Outside the window the sun is melting down the side of an indifferent sky.

“We are right here with you.” I tell him. “We’ve got you.”

The essay is adapted from “COVID Chronicles,” by Barbara (Babs) Greles, which was published in Her(oics): Women’s Lived Experiences during the Coronavirus Pandemic (Regal House Publishing, 2021). © Used with permission. All rights reserved.


Dizzying Change—and Heartening Improvements—in Mental Health Care

Laura Inclema ’15N, ’19N (MS)

Assistant director, Ambulatory Psychiatry Nursing Team Department of Psychiatry, University of Rochester Medical Center

UR Medicine nurse Laura Inclema Baldwin Covid-19 University of RochesterLaura Inclema

In October 2019, Laura Inclema dove into a new role as assistant director of UR Medicine’s ambulatory psychiatry nursing service.

“We were expanding services to meet the community demand,” she says of the program that operates a series of outpatient mental health clinics in the region. “It was great, because we were growing, and there was new opportunity.” Inclema was not the only one stepping into a new role; she was training a team of six newly promoted nursing leaders. When COVID-19 arrived, everything was new again.

She says that working under conditions of constant, unrelenting change during the pandemic took a toll on her and many of her colleagues. It’s been “exhausting.”

“I don’t think that we’ve even started to see the impact that this pandemic is going to have on our workforce,” she says.

But Inclema is optimistic, too, and proud of what she and her colleagues in the ambulatory psychiatry program have accomplished. She helped sow the seeds of some important improvements in the delivery of care—changes she anticipates will endure well beyond the pandemic.

When COVID-19 forced a reliance on telehealth, providers adapted overnight to a change that serves many patients well. The pandemic confronted patients (as well as providers) with challenges in such areas as childcare, and sometimes, transportation. “When we removed those barriers, we had people more engaged in their care,” Inclema says.

Another important change was the expansion of a crisis hotline. In April 2020, Inclema oversaw the transformation of the hotline from a Monday through Friday service to a 24/7 crisis call line. It required a lot of new staffing.

And it came at an auspicious time.

In early September, it became public that Daniel Prude, a Chicago man visiting his brother in Rochester, had died after an encounter with Rochester police six months before, and that the Monroe County medical examiner had declared the death a homicide. Prude, who was Black, had a history of mental illness and was having a psychotic episode at the time of his arrest. A video of the event led to protests and heightened attention to a long-festering problem: law enforcement officers called to respond to mental health crises, while lacking the training necessary to respond effectively.

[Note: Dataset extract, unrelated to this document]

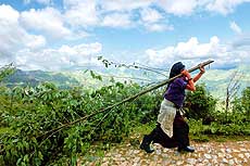 | ▲等娥村的烟农砍树围田,准备播种庄稼。他们只懂得刀耕火种的原始耕作方式,对于深耕细作要一步步地接受和掌握。 |

The call line was already experiencing high volume when people began sharing the number with friends on social media. “I would say that speaks volumes to where our community was, and how much support they actually needed,” says Inclema.

The call line is staffed by licensed clinicians who can help callers immediately—“in the moment, versus having someone call them back,” Inclema adds. “They refer people to different services, including a mobile crisis team.”

It’s a project she undertook with just one of her nurse mangers, Kristy Lamb.

“It’s an amazing service. And we’re really proud of that, and of being able to support the community in this way.”